西田さんによる建築は、建物所有者の絶対的な理解のもとにつくられた斬新なもので、新しいコミュニティのあり方を提案している。屋上に続くかと思われる階段の先にコンパクトな住室があり、四方をそれらに囲まれた形で、高い階高をもつ交流スペースが存在する。周囲から見ると舞台のように浮き立って見えるこのスペースや周辺を如何に使うかがポイントとなる。当日は雰囲気を楽しんでもらうべく、講師自らが流しそうめんを企画してくださり、暑い昼下がりにもゆったりのんびりした気分を満喫しながらの見学となった。

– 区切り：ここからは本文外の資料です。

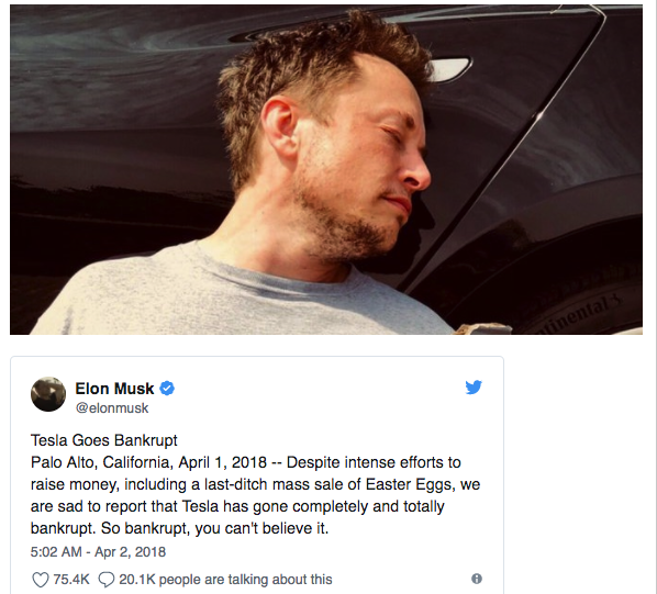 สำหรับข่าวอำสุดท้ายนี้ก็เป็นข่าวของ Elon Musk ที่ออกมาเล่นอำในวันเอพริลฟูลเดย์ด้วย แถมเล่นใหญ่รัชดาลับไม่แพ้เจ้าอื่นเลย โดยออกมาทวีตบอกว่า Tesla ล้มละลายแล้ว !! ทำเอาหลายคนตกอกตกใจว่าทำไมค่ายรถยนต์ยักษ์ใหญ่ที่กำลังไปได้ดีถึงล้มละลาย แต่ก็มีคนหัวไวคิดได้ว่าต้องเป็นเรื่องเอพริลฟูลแน่ๆ ฮ่าๆๆ
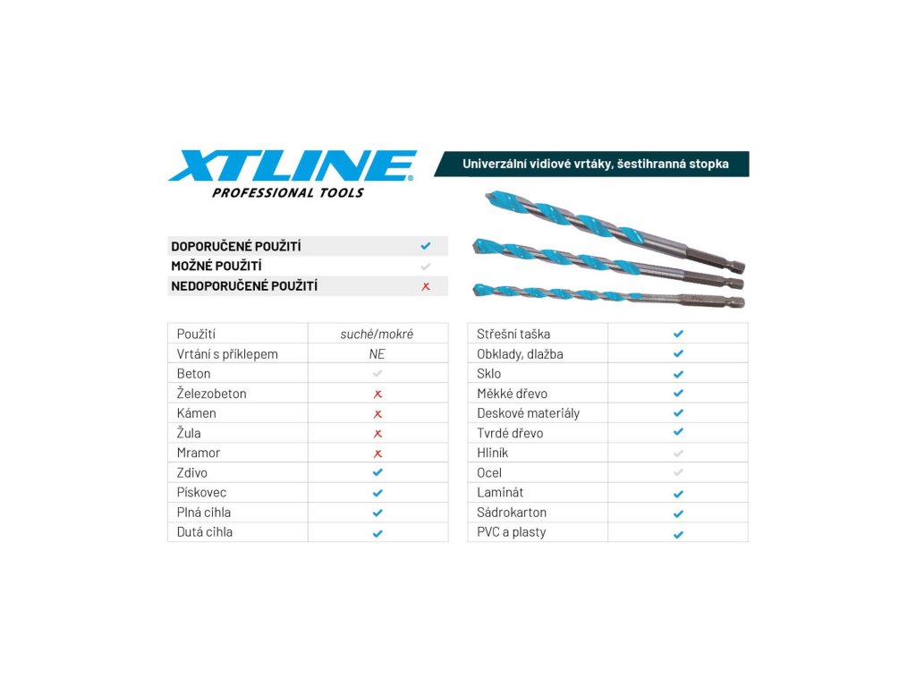 | Použití: | ocel, beton, zdivo, cihly, obklady, dřevo, plast, neželezné kovy apod. |

2) 「建築入門〜コルビュジェさんのお弟子さんたち〜」
講師:アートオブライフ 代表 五十川藍子
神奈川県立音楽堂
タイトルにあるとおり、著名な建築家であり都市計画家でもあったコルビュジェの設計思想と、彼が設計した国立西洋美術館について、分かりやすく解説した著作をもつ五十川藍子さんに、建築をできるだけ平易に解説してもらう入門編のツアーをお願いしたものである。ご本人にとっては、自身の設計でない建築を解説するという存外に難しいツアーにチャレンジしていただいた。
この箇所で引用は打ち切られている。